The Python crawler package Beautiful Soup uses regular expressions to search, pythonsoup

Source: Internet
Author: User

The Python crawler package Beautiful Soup uses regular expressions to search, pythonsoup

When using Beautiful Soup, you can specify the corresponding name and attrs to search for specific names and attributes to find the required html code.

However, sometimes, there are many possibilities for its name or attr value in the content to be processed, especially when it meets a certain rule, it cannot be written as a fixed value.

Therefore, you can use regular expressions to solve this problem.
For example,

<div class="icon_col">    

The corresponding BeautifulSoup code is as follows:

h1userSoup = soup.find(name="h1", attrs={"class":"h1user"});

If html is like this:

<div class="icon_col">    

If you want to find all the codes that match the h1 condition at a time, you can only find the code of a single class = "h1user". The remaining two

class="h1user test1"

And

class="h1user test2"

I cannot find it.

In this case, you can use BeautifulSoup with very powerful functions:

The expression of regular expressions is supported in attrs.

.

You can write it as follows:

h1userSoupList = soup.findAll(name="h1", attrs={"class":re.compile(r"h1user(\s\w+)?")});

You can find:

class="h1user"class="h1user test1"class="h1user test2"

.

<div aria-lable="xxx">
Such as tags, the content of xxx is unknown (variable ).

If you want to find the corresponding div tag, you do not know how to implement it before.
If it is written:

sopu.findAll("div", attrs={"aria-lable": "xxx"});

Xxx must be written out.
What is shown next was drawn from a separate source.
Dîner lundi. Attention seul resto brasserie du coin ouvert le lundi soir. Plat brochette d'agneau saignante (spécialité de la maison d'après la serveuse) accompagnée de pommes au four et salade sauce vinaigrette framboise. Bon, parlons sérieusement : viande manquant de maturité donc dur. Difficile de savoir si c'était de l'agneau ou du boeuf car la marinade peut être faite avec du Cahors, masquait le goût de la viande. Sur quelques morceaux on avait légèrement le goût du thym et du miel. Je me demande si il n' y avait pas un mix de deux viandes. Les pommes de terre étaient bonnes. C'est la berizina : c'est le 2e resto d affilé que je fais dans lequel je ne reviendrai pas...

If the attribute value is not written, you cannot use attrs, and you cannot find the tag of the attribute value here.
So:

<Div aria-label = "5 stars, 747 scores "class =" rating "role =" img "tabindex ="-1 "> <div> <span class =" rating-star "> </span> <span class = "rating-star"> </span> <span class = "rating-star"> </span> <span class = "rating-star"> </span> <span class = "rating-star"> </span> </div> <span class = "rating-count"> 747 scores </span> </div>

You can use:

soup.findAll("div", attrs={"aria-lable": True});

Find the div tag whose property contains aria-lable.

Therefore, we do not know how to deal with the above:

Use BeautifulSoup to find tags with unknown attribute values but known attributes

In this example, you can:

<div aria-lable="xxx">

Reuse:

sopu.findAll("div", attrs={"aria-lable": True});

You can find the corresponding div tag containing the attribute aria-lable.
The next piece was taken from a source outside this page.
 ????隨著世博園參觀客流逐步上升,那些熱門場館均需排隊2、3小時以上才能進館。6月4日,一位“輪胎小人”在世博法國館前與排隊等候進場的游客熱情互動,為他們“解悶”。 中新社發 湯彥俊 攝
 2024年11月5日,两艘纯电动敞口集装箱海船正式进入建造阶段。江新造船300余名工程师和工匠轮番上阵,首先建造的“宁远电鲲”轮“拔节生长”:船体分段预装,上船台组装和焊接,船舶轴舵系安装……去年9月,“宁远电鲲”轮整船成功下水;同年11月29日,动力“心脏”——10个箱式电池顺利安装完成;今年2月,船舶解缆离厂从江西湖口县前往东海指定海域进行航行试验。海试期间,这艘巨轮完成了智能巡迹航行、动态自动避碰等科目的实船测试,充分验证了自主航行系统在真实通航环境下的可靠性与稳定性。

Articles you may be interested in:
  • In Python, The urllib + urllib2 + cookielib module write crawler practices
  • In-depth analysis of the structure and operation process of the Python crawler framework Scrapy
  • Practice the Python crawler framework Scrapy to capture the TOP250 Douban movie
  • Some key points of using the Beautiful Soup package to write crawlers in Python
  • Create a crawler to capture beautiful pictures in Python
  • How to Write a Python crawler to capture TOP100 Douban movies and user portraits
  • Demonstrate the usage of the Python crawler Beautiful Soup using video crawling instances
  • Tutorial on creating crawler instances using Python's urllib and urllib2 modules
  • Guide to Using Python to write basic crawler modules and frameworks

Related Article

Contact Us

The content source of this page is from Internet, which doesn't represent Alibaba Cloud's opinion; products and services mentioned on that page don't have any relationship with Alibaba Cloud. If the content of the page makes you feel confusing, please write us an email, we will handle the problem within 5 days after receiving your email.

If you find any instances of plagiarism from the community, please send an email to: info-contact@alibabacloud.com and provide relevant evidence. A staff member will contact you within 5 working days.

A Free Trial That Lets You Build Big!

Start building with 50+ products and up to 12 months usage for Elastic Compute Service

  • Sales Support

    1 on 1 presale consultation

  • After-Sales Support

    24/7 Technical Support 6 Free Tickets per Quarter Faster Response

  • Alibaba Cloud offers highly flexible support services tailored to meet your exact needs.